● **About this exercise**
Copy the data below exactly, omitting any picture it contains.

● **Given entries**
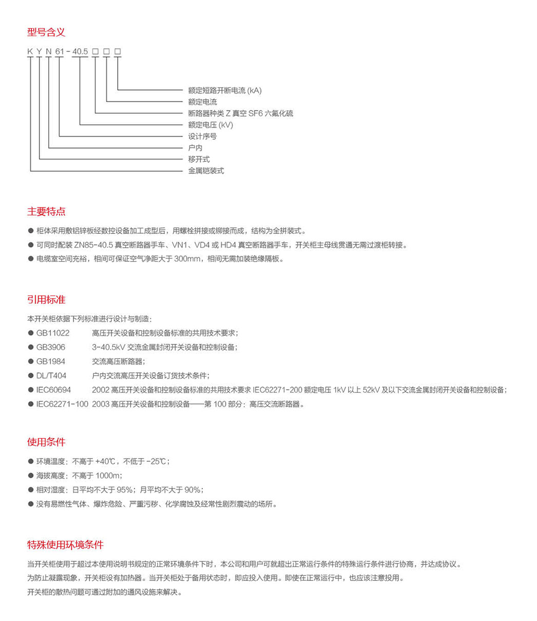 KYN61-40.5铠装式金属封闭开关设备(简称开关柜)系我厂在原产品的基础上设计改进的开关设备。它适应于三相交流50Hz电力系统,用于接受和分配电能并对电路进行控制、保护及监测。
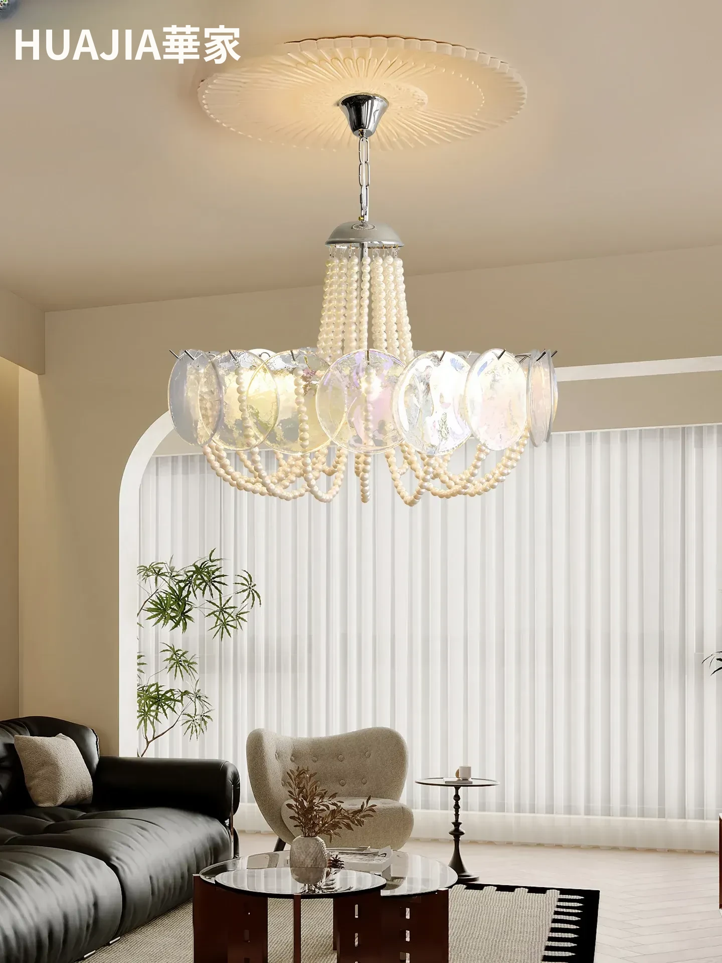 フレンチスタイルのシャンデリア|ラグジュアリーなリビングにぴったり!アートでおしゃれなシンプルデザイン|寝室やダイニングにも最適なパールガラス製シャンデリア。魅力的な空間を演出します!
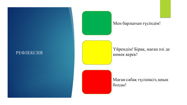 10мин. Түстерді таңдау арқылы екі топқа бөлінеді. Бір түсті таңдаған оқушылар бір топқа бірігеді. Әр топ өз тапсырмаларын А3 форматты қағазда орындайды, тақтаға шығып, жұмысын қорғайды. 13мин. WordWool қосымшасы арқылы тапсырманы орындайды. 7мин. Менің ойымша, ... Себебі ... Мысалы, ... Қорыта айтқанда, ... 3мин. Бағалау парақтарының критерийлері бойынша өзін-өзі бағалайды. 2мин. -жаңа сөздермен таныстық, тірек сөздерді анықтадық, мәтінмен жұмыс жасадық, диалог құрдық |
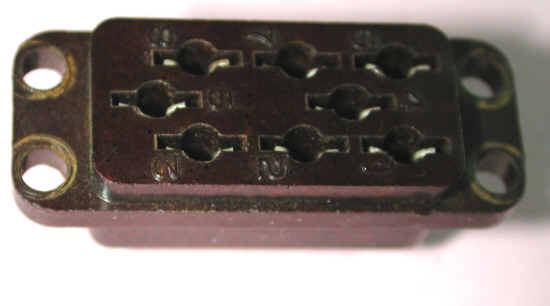 Cinch 6 way chassis Socket. Flat blade "Jones" style with crackle
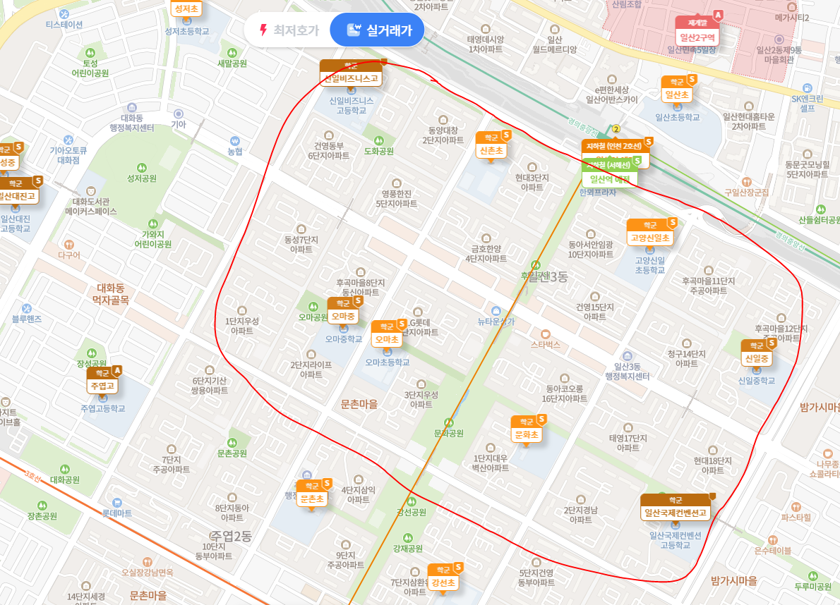 그래서 이번에는 고양시 넘버2 학군인 백마마을을 확인했다.
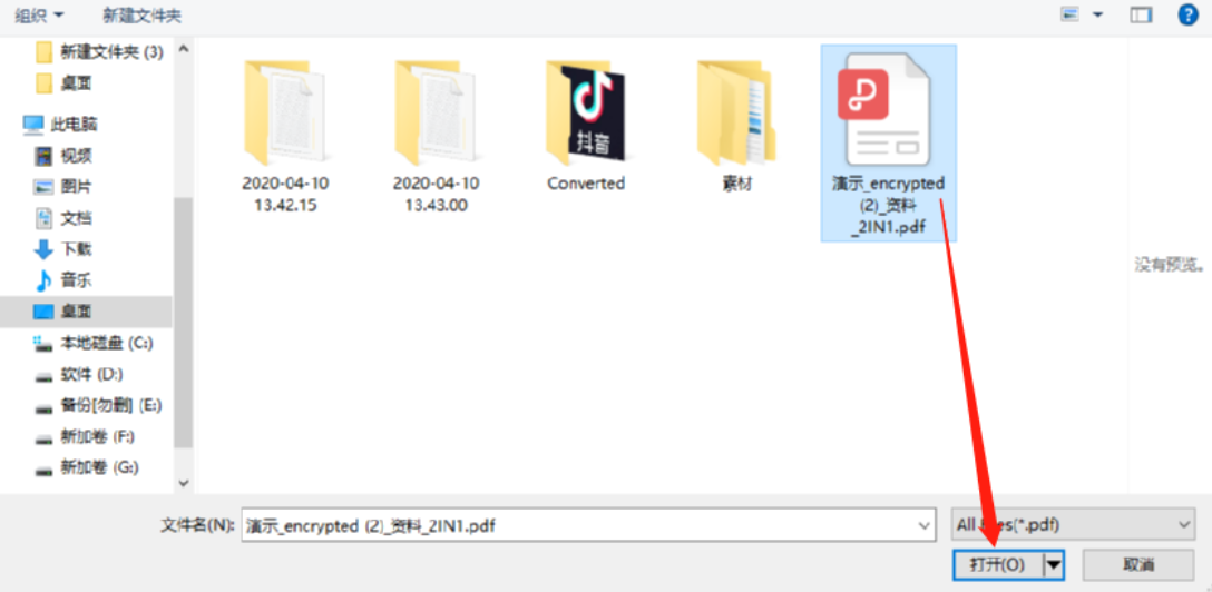 3.点击添加文件之后紧接着就打开一个选择文件的界面了,我们在这个界面中选中PDF文件之后点击打开按钮即可。
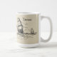 A design that reminds us of antique scrimshaw decorates this coffee cup. It shows two sailing ships racing along with their sails unfurled and your name in openwork text.
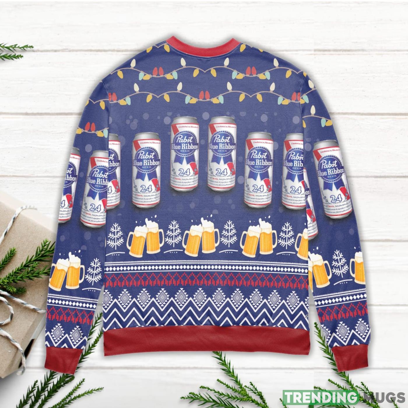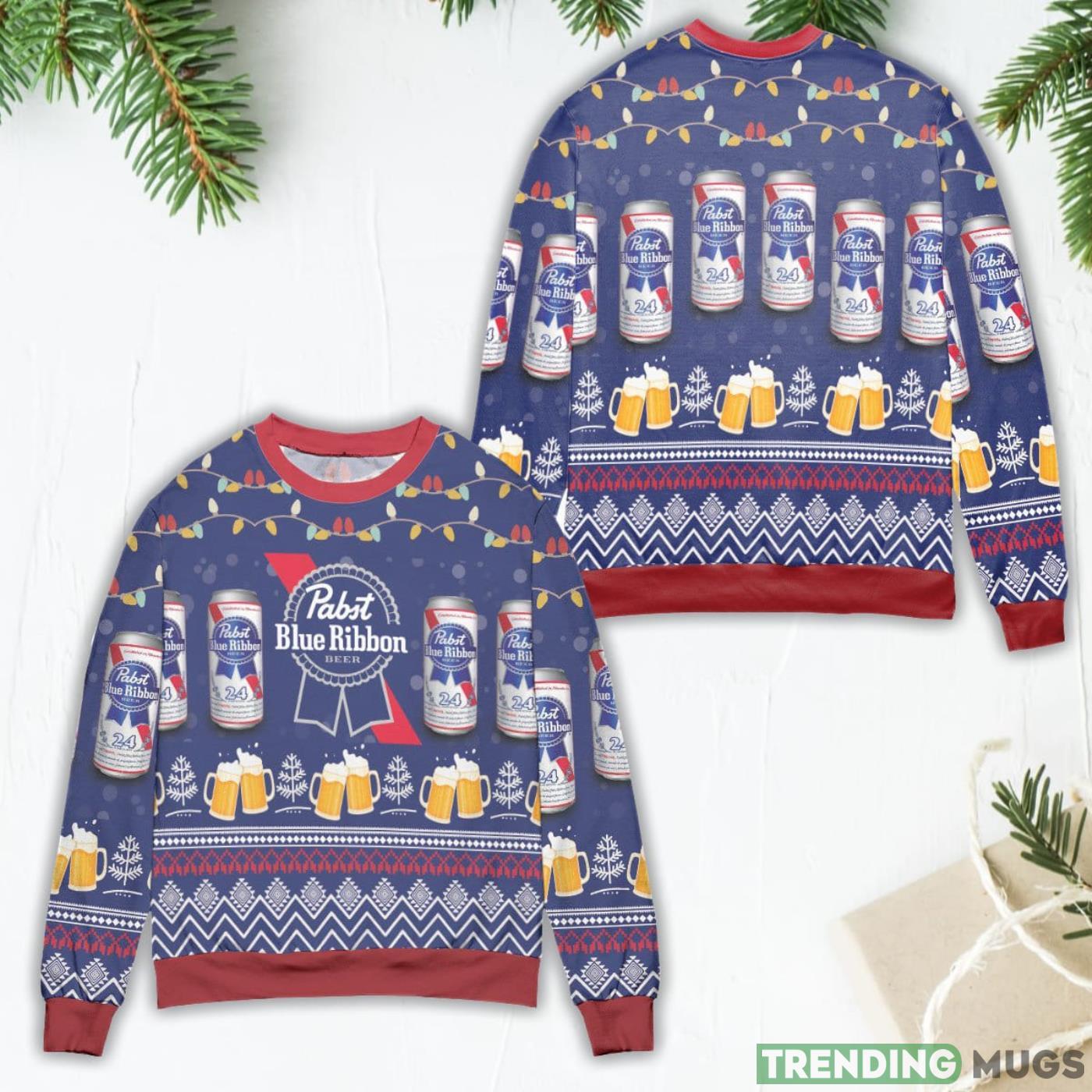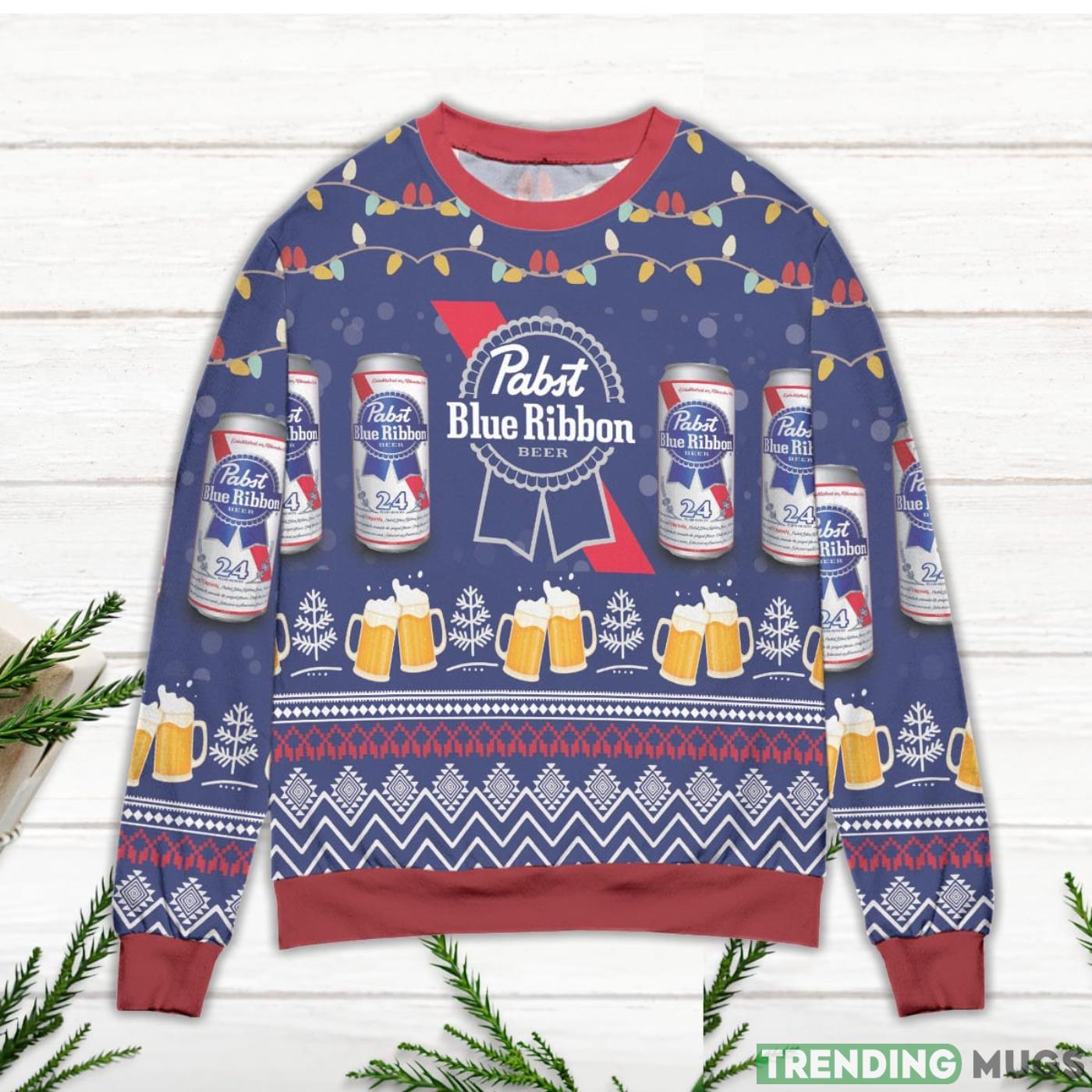 Pabst Blue Ribbon Beer Lights And Snow Ugly Christmas Sweater Informations:
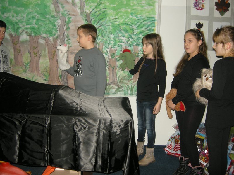 Čak 69 ih je imao - 19 za predškolsku djecu, 44 za osnovce i 6 za srednjoškolce. Učenici dopunske nastave slovenačkog jezika su mu priredili program. Govorili su o tome šta je sreća. U ovim danima, kada svi želimo sreću, često razmišljamo o tome, šta si zaista želimo. Da li je sreća mnogo novca ili mnogo slobodnog vremena? Dobri prijatelji ili zanimljive kompjuterske igrice? Učenici su predstavili misli pjesnika i pisaca i svoje želje. Djeca su srećna kada nemaju puno domaće zadaće, kada dobiju dobre ocjene a i tada kada idu u Sloveniju. Kada si mali, sreća je kada izabereš hrabrost i ne pustiš da te veliki straše. To su nam pokazali naši najmlađi učenici, koji su odigrali lutkovnu igru Zverjasec. Vidjeli smo i dramski prizor Kako je gospodin Filodendron tražio sreću. Priču je napisao Andrej Rozman Roza, a odigrali su je učenici iz Slatine. Kažu da samo srećan čovjek može usrećiti druge ljude. Ove večeri su djeca i Deda Mraz donijeli mnogo veselja među sve posjetioce koji su potpuno ispunili prostor Kluba nacionalnih manjina.
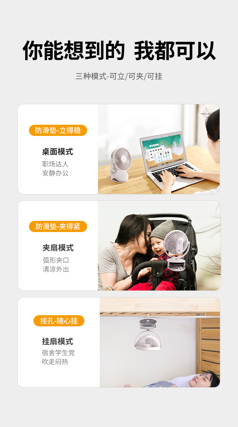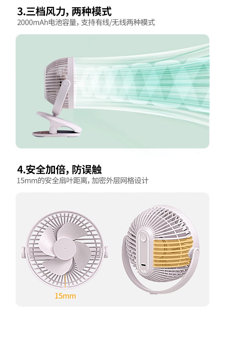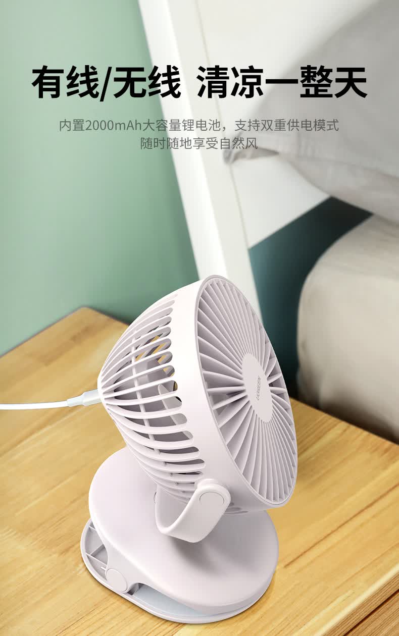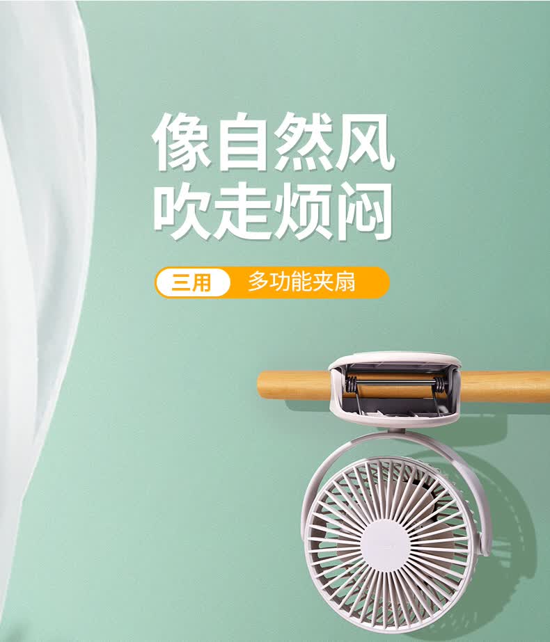 【三用夹扇】无线供电/大风力

● **Solution to this problem**
 KYN61-40.5铠装式金属封闭开关设备(简称开关柜)系我厂在原产品的基础上设计改进的开关设备。它适应于三相交流50Hz电力系统,用于接受和分配电能并对电路进行控制、保护及监测。
 フレンチスタイルのシャンデリア|ラグジュアリーなリビングにぴったり!アートでおしゃれなシンプルデザイン|寝室やダイニングにも最適なパールガラス製シャンデリア。魅力的な空間を演出します!
 10мин. Түстерді таңдау арқылы екі топқа бөлінеді. Бір түсті таңдаған оқушылар бір топқа бірігеді. Әр топ өз тапсырмаларын А3 форматты қағазда орындайды, тақтаға шығып, жұмысын қорғайды. 13мин. WordWool қосымшасы арқылы тапсырманы орындайды. 7мин. Менің ойымша, ... Себебі ... Мысалы, ... Қорыта айтқанда, ... 3мин. Бағалау парақтарының критерийлері бойынша өзін-өзі бағалайды. 2мин. -жаңа сөздермен таныстық, тірек сөздерді анықтадық, мәтінмен жұмыс жасадық, диалог құрдық |
 Cinch 6 way chassis Socket. Flat blade "Jones" style with crackle
 그래서 이번에는 고양시 넘버2 학군인 백마마을을 확인했다.
 3.点击添加文件之后紧接着就打开一个选择文件的界面了,我们在这个界面中选中PDF文件之后点击打开按钮即可。
 A design that reminds us of antique scrimshaw decorates this coffee cup. It shows two sailing ships racing along with their sails unfurled and your name in openwork text.
 Pabst Blue Ribbon Beer Lights And Snow Ugly Christmas Sweater Informations:
 Čak 69 ih je imao - 19 za predškolsku djecu, 44 za osnovce i 6 za srednjoškolce. Učenici dopunske nastave slovenačkog jezika su mu priredili program. Govorili su o tome šta je sreća. U ovim danima, kada svi želimo sreću, često razmišljamo o tome, šta si zaista želimo. Da li je sreća mnogo novca ili mnogo slobodnog vremena? Dobri prijatelji ili zanimljive kompjuterske igrice? Učenici su predstavili misli pjesnika i pisaca i svoje želje. Djeca su srećna kada nemaju puno domaće zadaće, kada dobiju dobre ocjene a i tada kada idu u Sloveniju. Kada si mali, sreća je kada izabereš hrabrost i ne pustiš da te veliki straše. To su nam pokazali naši najmlađi učenici, koji su odigrali lutkovnu igru Zverjasec. Vidjeli smo i dramski prizor Kako je gospodin Filodendron tražio sreću. Priču je napisao Andrej Rozman Roza, a odigrali su je učenici iz Slatine. Kažu da samo srećan čovjek može usrećiti druge ljude. Ove večeri su djeca i Deda Mraz donijeli mnogo veselja među sve posjetioce koji su potpuno ispunili prostor Kluba nacionalnih manjina.
 【三用夹扇】无线供电/大风力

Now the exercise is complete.